The 101st had no combat experience, but that didn't preclude a cocky attitude. They'd be rushing in, but that didn't make them fools. Youth and testosterone were big parts of it, but the biggest part of all was the unwavering will to fight to the death for your buddy, the death of either or both of you because you knew he felt the same way. That feeling was the strongest, but unspoken.

The overarching motivation was that Overlord must not fail. If it did, everything had to start over, with thousands fewer buddies. The Wehrmacht too had its ultimate motivation— that if they couldn't repel the invasion, they didn't have a chance of stopping the Red Army that had pulsed out from Stalingrad like schools of piranha attacking a bleeding crocodile. If the Russians weren't stopped, that meant the end of Germany's version of civilization. That was evident enough even at Joe's level, though in one briefing he learned that some of the static troops the Blues might fight were Russians who had thrown in with the Germans.

D NIGHT COUNTDOWN RESUMED
fretfully after Channel storms caused the false start. Like a temporary reprieve before execution, the weather delay deflated much of the bravado and some of the emotional high. Eisenhower's army had hurried up only to start waiting again. The face painting, the Mohawk haircuts, the whole metaphor of war dance subsided for its inability to sustain energy.

Two Screaming Eagles, David Webster of the 506th and Tom Buff of division headquarters, noted the waning hours contrastingly. Webster mulled how the June sun didn't go down until 9:00
P.M.,
how he could sit watching the soft hills of England darken and wonder about the time of day in the States. Gripped by solitude, he gazed south down a valley winding to the sea. That's where the Germans were, over the southern horizon. What are they thinking? he mused. Of their own homes, their chances of ever returning to them?

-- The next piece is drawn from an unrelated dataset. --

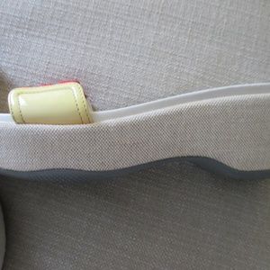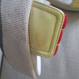 AUTHENTIC PRADA red, yellow sandal with wave canvas covered platform heel...PRADA inscribe on red strap...SIZE: 39.5 US: 9-9.5b...HEEL: 2 1/2"...PLATFORM: 1 1/4"...excellent shape (burlap is clean ad mint)...some marks on yellow patent leather accents on strap (see last 2 photos)..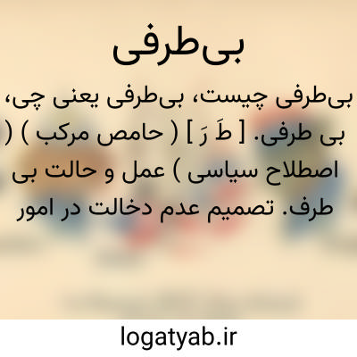 بی طرفی. [ طَ رَ ] ( حامص مرکب ) ( اصطلاح سیاسی ) عمل و حالت بی طرف. تصمیم عدم دخالت در امور سیاسی یا عدم دخول در جنگ که دولت سومی بخود گیرد چون دو دولت در حالت جنگ یا تیرگی مناسبات سیاسی باشند. ( از یادداشت مؤلف ). عدم دخالت در دسته بندیهای سیاسی. || عدم تعصب و جانبداری.

“When will it get dark?” Webster wrote. “What chance
does a paratrooper have then? Stay light, stay on forever— and we'll never have to go to Normandy.”

Buff noted an entirely different attitude among his buddies who would
not
be jumping into Normandy:

Every one of our friends whom Fate had placed in the rear echelon [to cross by sea] was there to tell us goodbye. Just before we got into our trucks they took photos of us with rolls and rolls of film. How those guys wanted to go! Even though I had a compass, Bill Urquia of our Aerial Photo Team gave me his, saying: “Tom, this is a lucky compass. It's been through North Africa, Sicily and Italy. Take it to France for me. Dammit, I'm not going…”

Everyone shook hands, then we drove off for the airfield. We later learned that those fellows just roamed around, killing time until far into the night so they could count our planes as we flew over, wave to the sky and pray Godspeed.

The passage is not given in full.